··· Working data

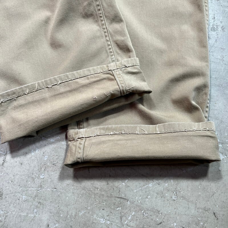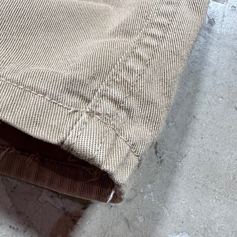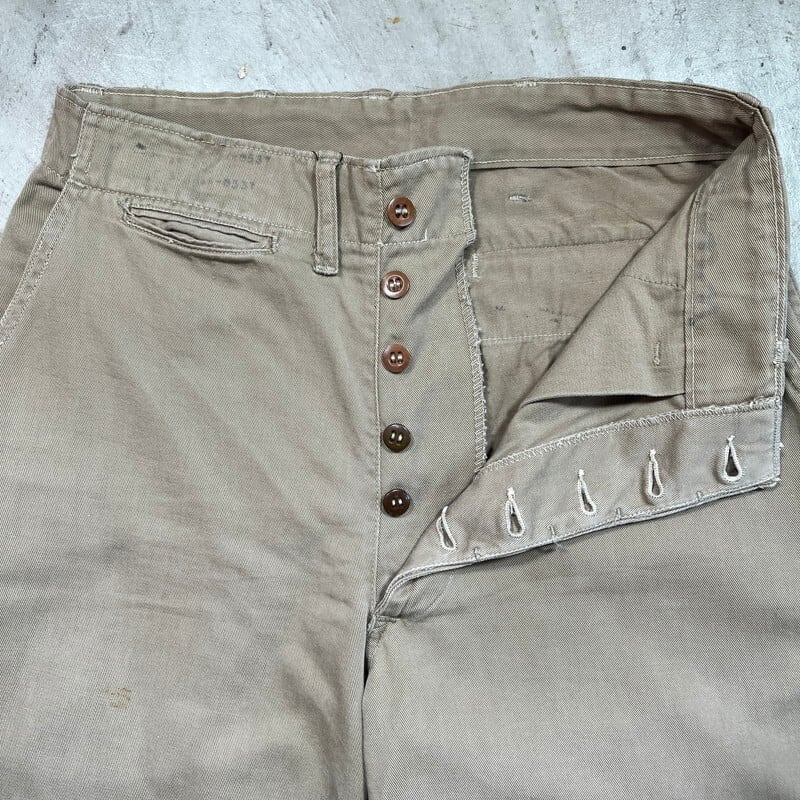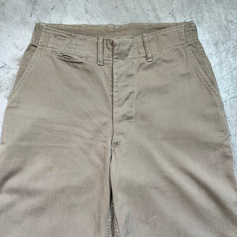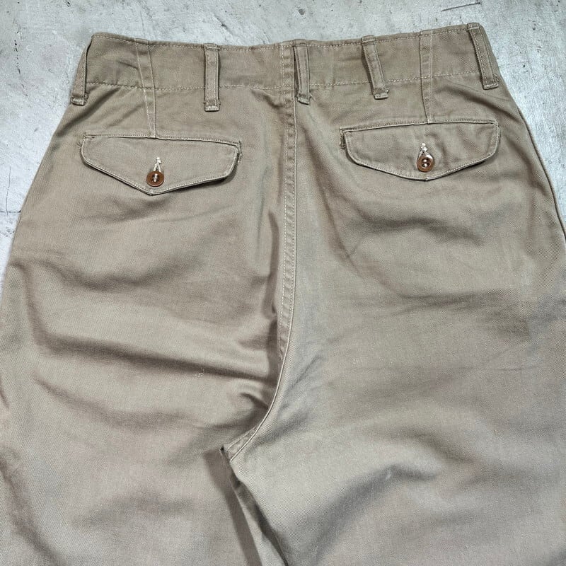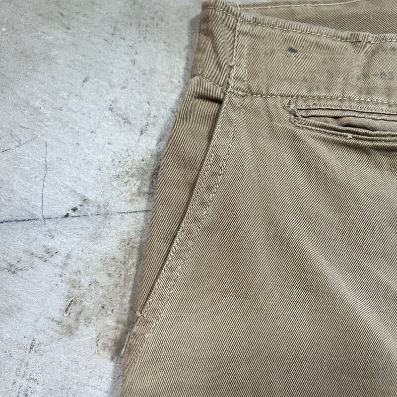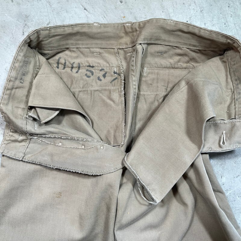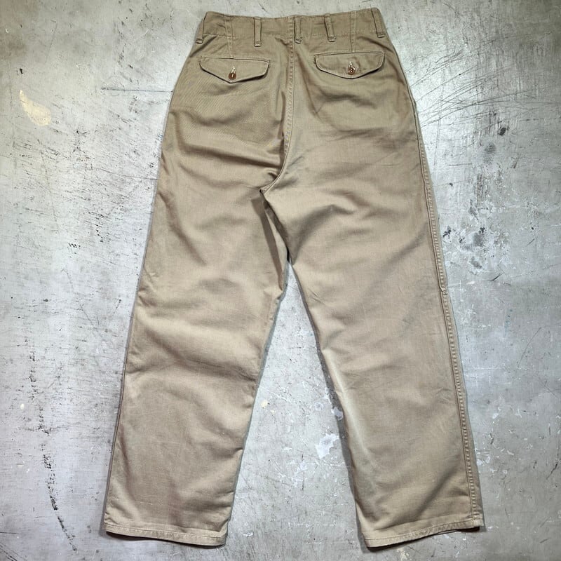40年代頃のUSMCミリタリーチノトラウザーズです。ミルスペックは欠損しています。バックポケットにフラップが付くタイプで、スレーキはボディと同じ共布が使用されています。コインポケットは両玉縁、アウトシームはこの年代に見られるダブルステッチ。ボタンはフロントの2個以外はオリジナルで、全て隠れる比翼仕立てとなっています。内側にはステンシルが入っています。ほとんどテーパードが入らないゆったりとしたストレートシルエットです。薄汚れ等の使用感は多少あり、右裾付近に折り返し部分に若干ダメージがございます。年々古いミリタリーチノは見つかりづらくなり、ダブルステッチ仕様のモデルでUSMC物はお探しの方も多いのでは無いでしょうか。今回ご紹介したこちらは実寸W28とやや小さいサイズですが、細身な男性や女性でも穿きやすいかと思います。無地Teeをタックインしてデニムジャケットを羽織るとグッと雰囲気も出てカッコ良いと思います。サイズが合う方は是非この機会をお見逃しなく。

······
··· Working data

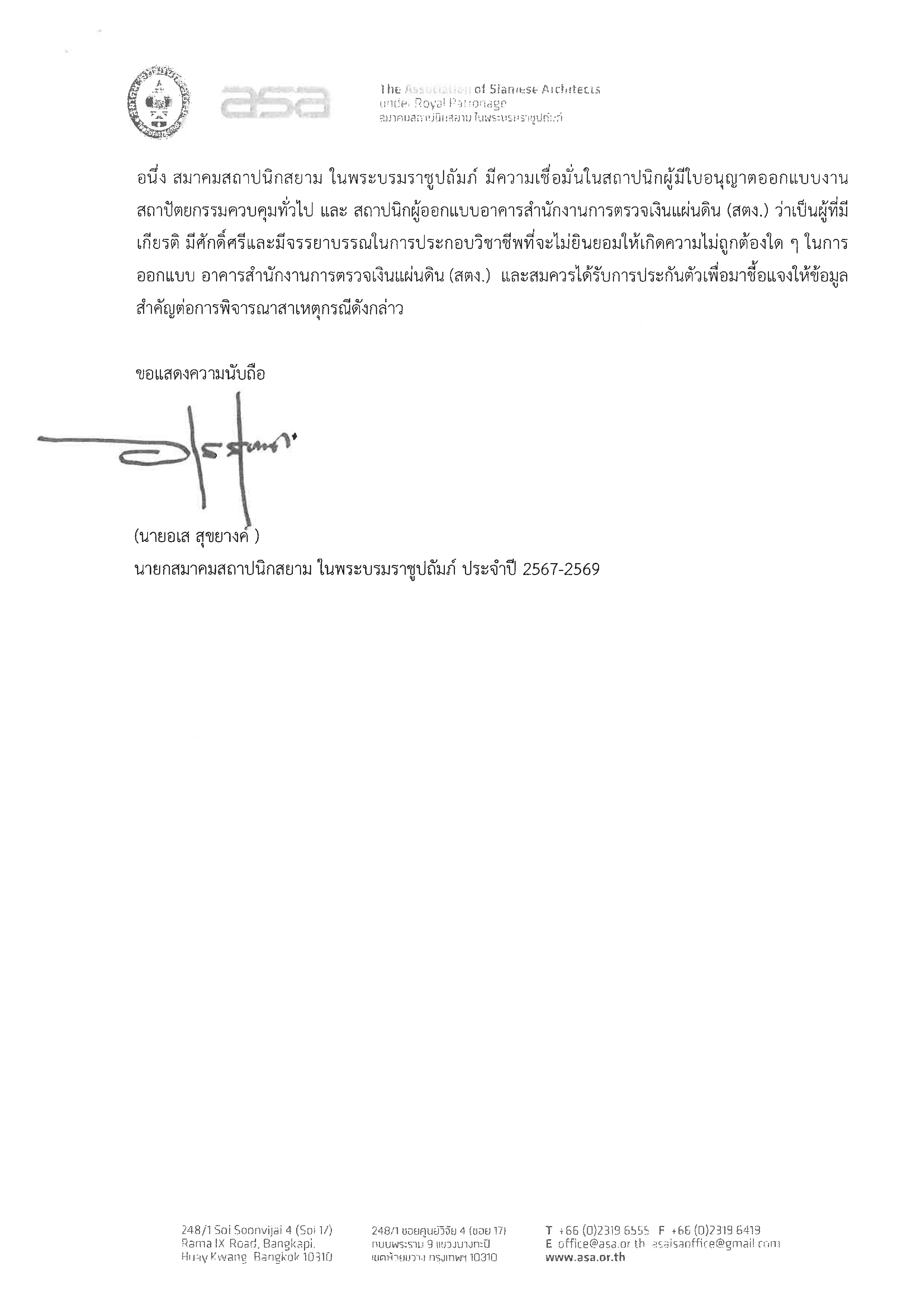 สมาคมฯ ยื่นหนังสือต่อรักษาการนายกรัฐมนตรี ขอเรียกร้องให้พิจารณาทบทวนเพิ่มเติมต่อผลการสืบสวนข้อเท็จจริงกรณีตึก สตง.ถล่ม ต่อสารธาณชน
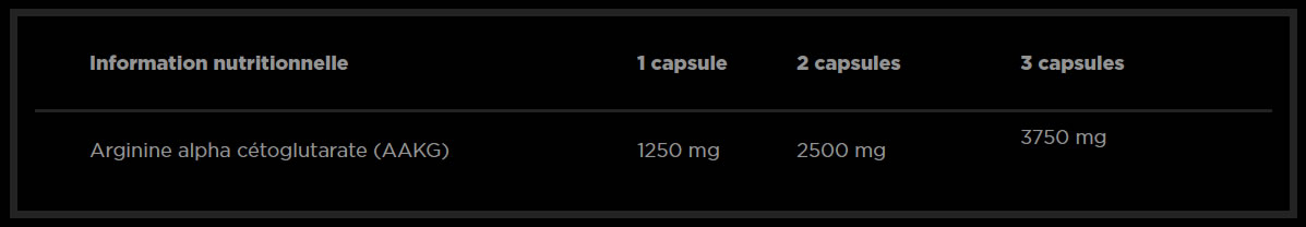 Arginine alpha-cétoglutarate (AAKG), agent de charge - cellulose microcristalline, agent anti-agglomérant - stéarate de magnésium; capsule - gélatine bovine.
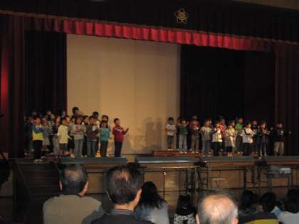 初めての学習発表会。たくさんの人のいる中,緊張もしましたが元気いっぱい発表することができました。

······
··· Working data

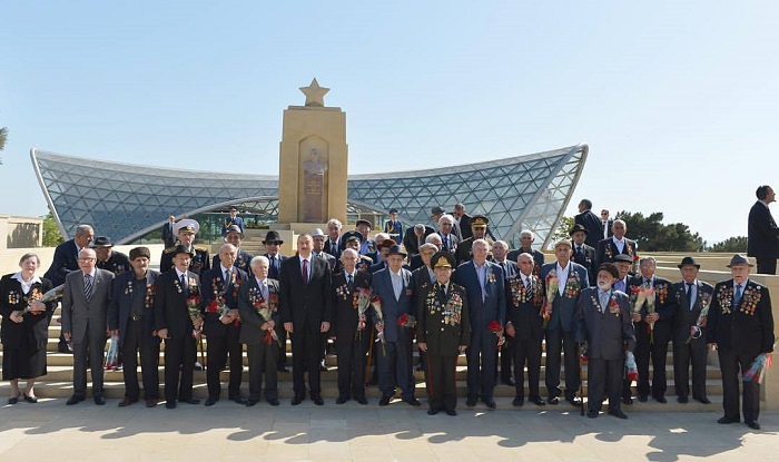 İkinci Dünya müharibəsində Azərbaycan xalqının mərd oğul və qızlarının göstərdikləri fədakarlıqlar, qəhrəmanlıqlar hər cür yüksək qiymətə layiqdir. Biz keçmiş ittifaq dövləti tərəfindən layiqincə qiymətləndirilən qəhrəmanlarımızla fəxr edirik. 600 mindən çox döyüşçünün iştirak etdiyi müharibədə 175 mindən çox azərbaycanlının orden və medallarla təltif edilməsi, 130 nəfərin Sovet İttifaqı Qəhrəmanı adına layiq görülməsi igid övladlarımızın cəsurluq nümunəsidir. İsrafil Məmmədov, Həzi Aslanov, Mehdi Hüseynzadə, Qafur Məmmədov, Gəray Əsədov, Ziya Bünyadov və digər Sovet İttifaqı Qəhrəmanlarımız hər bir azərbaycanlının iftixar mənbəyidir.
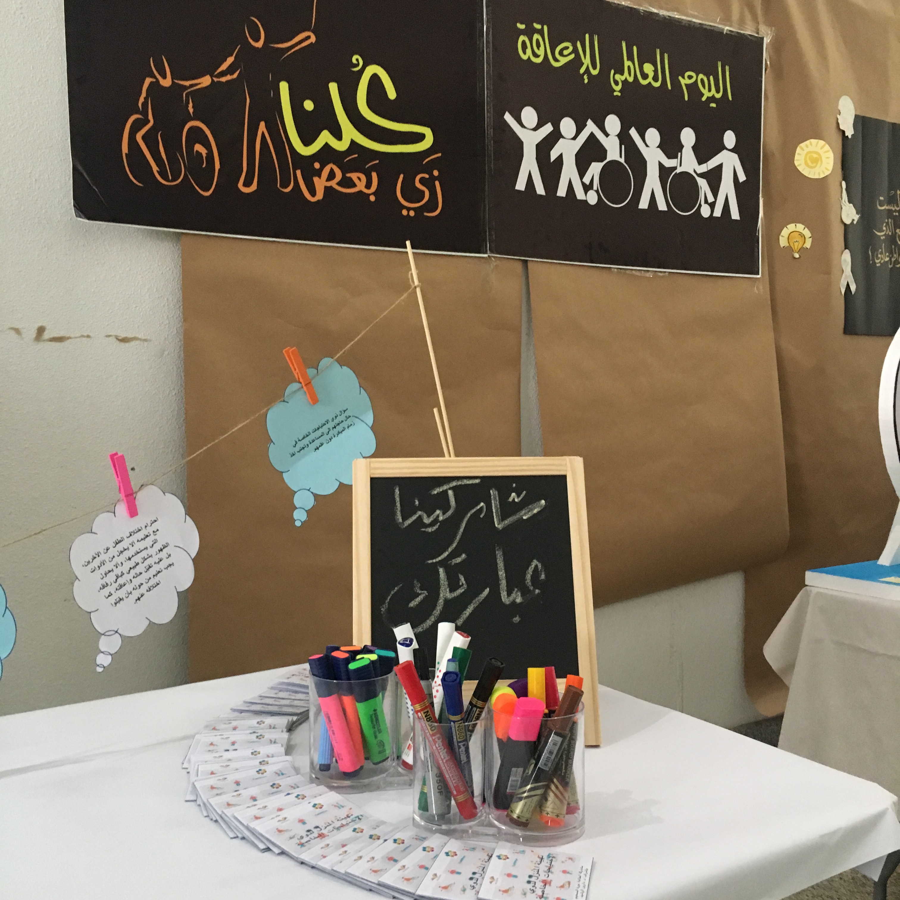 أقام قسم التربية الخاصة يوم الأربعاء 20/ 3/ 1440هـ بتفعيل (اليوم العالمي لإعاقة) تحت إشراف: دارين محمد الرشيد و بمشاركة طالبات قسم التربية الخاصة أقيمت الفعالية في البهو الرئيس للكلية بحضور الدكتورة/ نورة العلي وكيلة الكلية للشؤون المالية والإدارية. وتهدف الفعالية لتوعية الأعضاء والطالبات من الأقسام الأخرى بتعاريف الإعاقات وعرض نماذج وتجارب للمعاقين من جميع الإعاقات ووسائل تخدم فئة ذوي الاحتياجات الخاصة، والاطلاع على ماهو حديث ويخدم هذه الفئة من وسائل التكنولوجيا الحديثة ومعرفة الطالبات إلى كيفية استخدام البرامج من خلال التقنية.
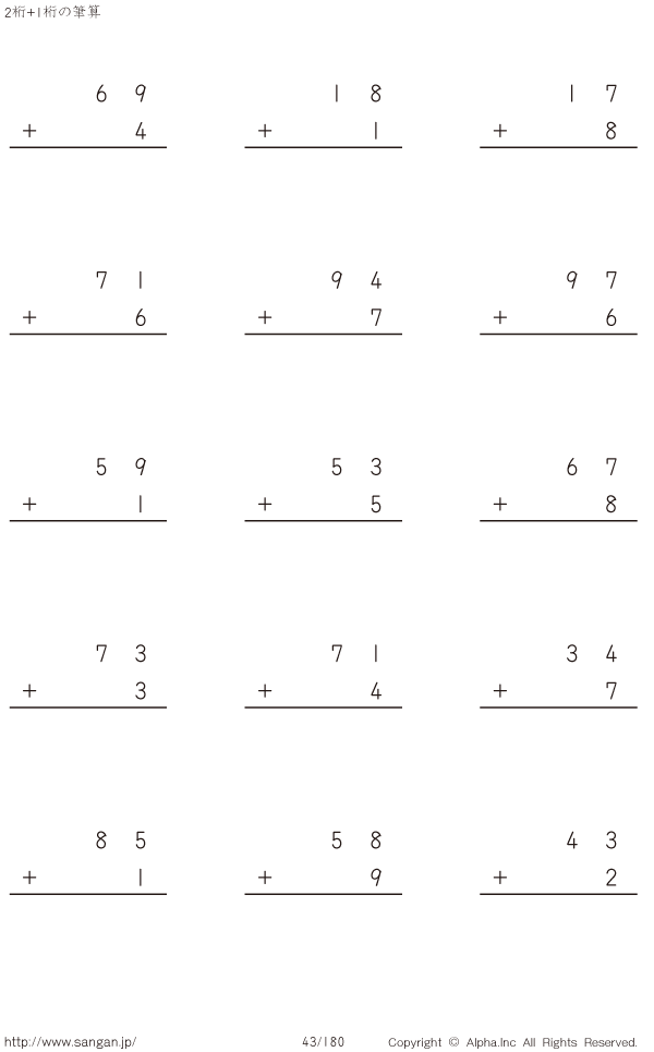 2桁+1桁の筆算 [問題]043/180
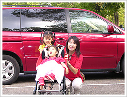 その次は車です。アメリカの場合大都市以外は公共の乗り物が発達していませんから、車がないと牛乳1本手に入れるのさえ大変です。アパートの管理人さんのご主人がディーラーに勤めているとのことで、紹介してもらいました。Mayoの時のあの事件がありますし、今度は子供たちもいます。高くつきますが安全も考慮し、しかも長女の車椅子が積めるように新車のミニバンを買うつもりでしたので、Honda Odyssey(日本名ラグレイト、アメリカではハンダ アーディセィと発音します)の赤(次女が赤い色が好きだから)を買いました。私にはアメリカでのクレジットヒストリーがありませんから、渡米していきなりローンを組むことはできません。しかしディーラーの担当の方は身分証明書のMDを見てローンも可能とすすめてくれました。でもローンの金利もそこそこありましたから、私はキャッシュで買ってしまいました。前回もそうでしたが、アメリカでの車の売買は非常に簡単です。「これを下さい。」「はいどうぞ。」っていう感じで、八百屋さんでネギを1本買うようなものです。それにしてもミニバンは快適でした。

······

Copy word for word the lines above, starting at the line containing "Arginine alpha-cétoglutarate (AAKG), agent" and ending at the line containing "初めての学習発表会。たくさん", inclusive, with no pictures.

 Arginine alpha-cétoglutarate (AAKG), agent de charge - cellulose microcristalline, agent anti-agglomérant - stéarate de magnésium; capsule - gélatine bovine.
 初めての学習発表会。たくさんの人のいる中,緊張もしましたが元気いっぱい発表することができました。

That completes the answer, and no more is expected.